**Description of the task**. Beginning with the line that contains "Истинная роскошь —", reproduce the remaining lines of the material exactly, up to and including the last one, but no pictures.

**Recorded information**.
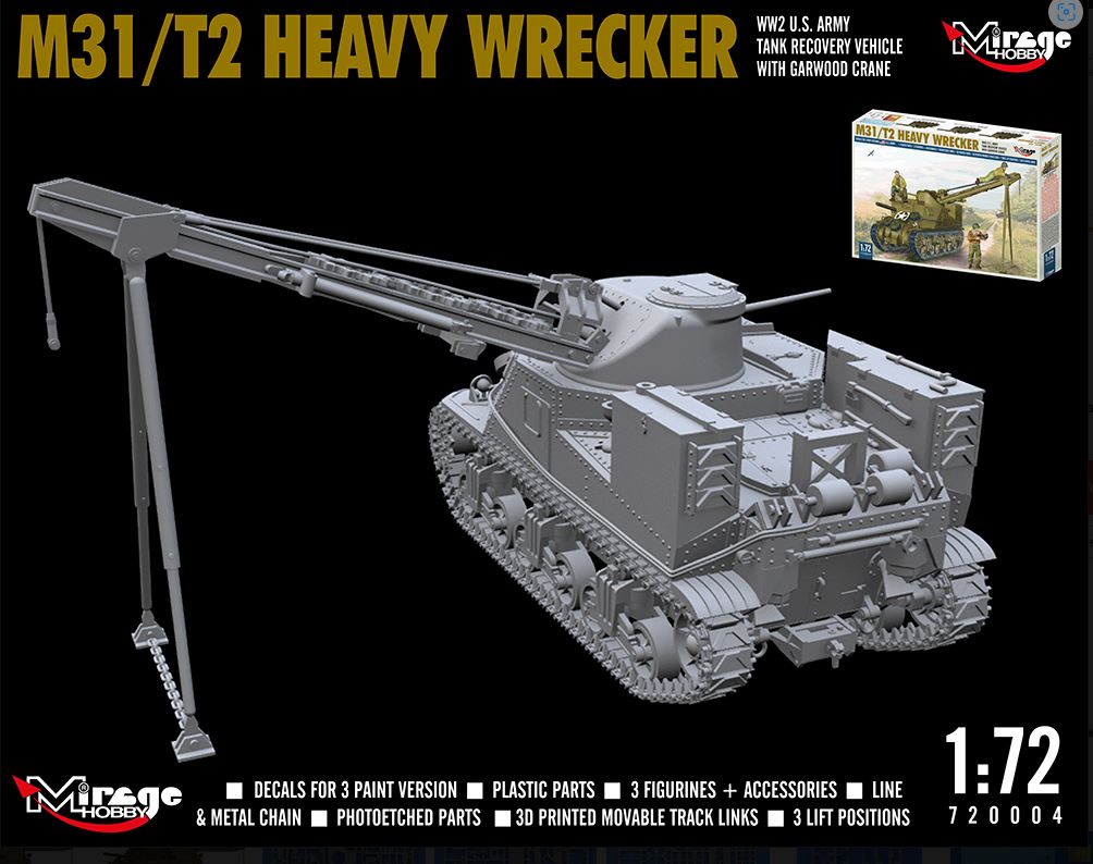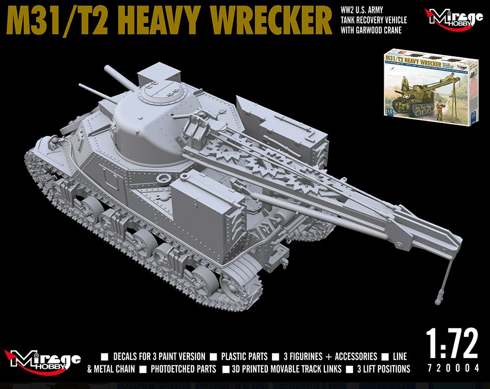 | 1/72 SCALE MODEL KIT | Mirage-Hobby 720004 1/72 WW2 US Army M31/T2 Heavy Wrecker Tank Recovery Vehicle with Crew |
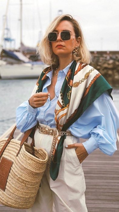 Истинная роскошь — в деталях. И шелковый платок, как у икон стиля, способен преобразить даже самый строгий образ. Его можно повязать на шею, на запястье, в волосы или на ручку сумки — и каждый раз он будет звучать по-новому. Настоящие ценительницы выбирают платки из натурального шелка, с утончённым принтом. Hermès, Burberry, Versace — классика, но и менее известные бренды создают не менее элегантные версии. Главное — качество ткани и благородство оттенков.
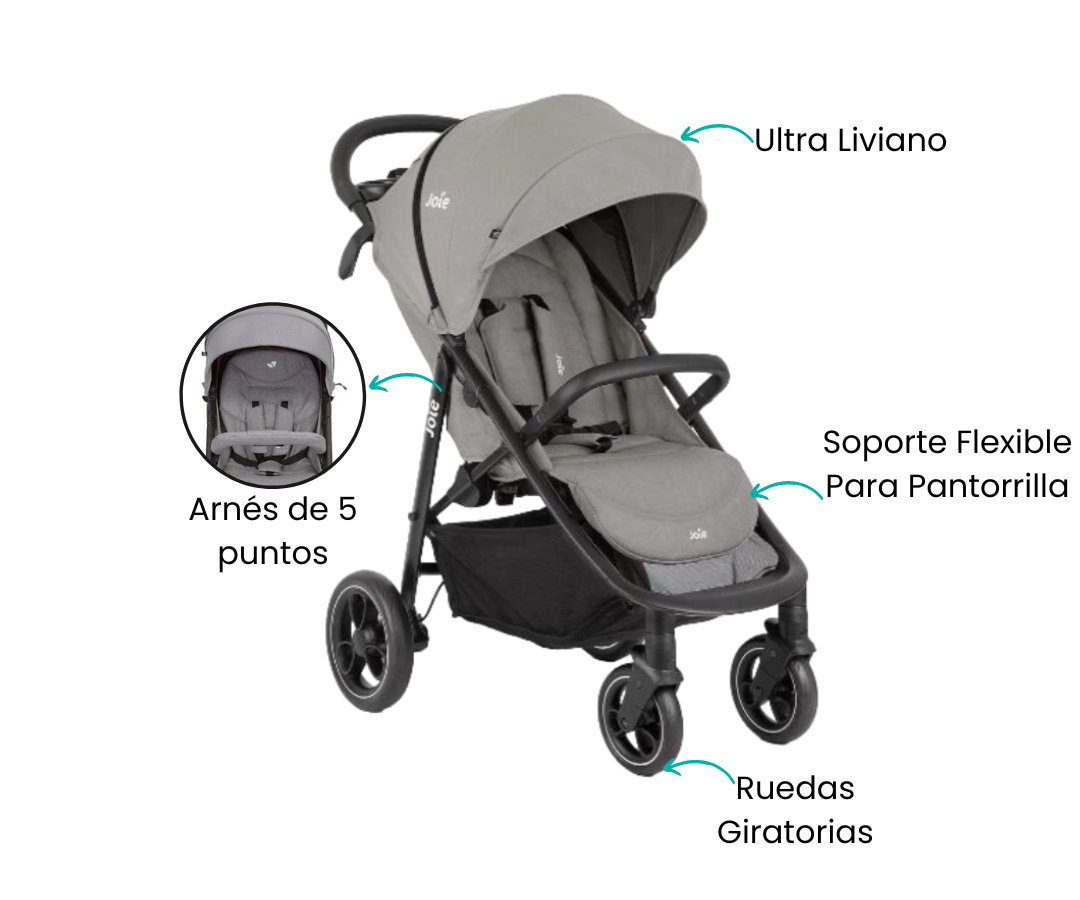 El coche Litetrax Joie es una solución versátil y duradera para padres en movimiento. Diseñado para acompañar a tu bebé desde el nacimiento hasta aproximadamente los 22 kg, ofrece comodidad y conveniencia en cada etapa del crecimiento.

**Answer for the task**.
 Истинная роскошь — в деталях. И шелковый платок, как у икон стиля, способен преобразить даже самый строгий образ. Его можно повязать на шею, на запястье, в волосы или на ручку сумки — и каждый раз он будет звучать по-новому. Настоящие ценительницы выбирают платки из натурального шелка, с утончённым принтом. Hermès, Burberry, Versace — классика, но и менее известные бренды создают не менее элегантные версии. Главное — качество ткани и благородство оттенков.
 El coche Litetrax Joie es una solución versátil y duradera para padres en movimiento. Diseñado para acompañar a tu bebé desde el nacimiento hasta aproximadamente los 22 kg, ofrece comodidad y conveniencia en cada etapa del crecimiento.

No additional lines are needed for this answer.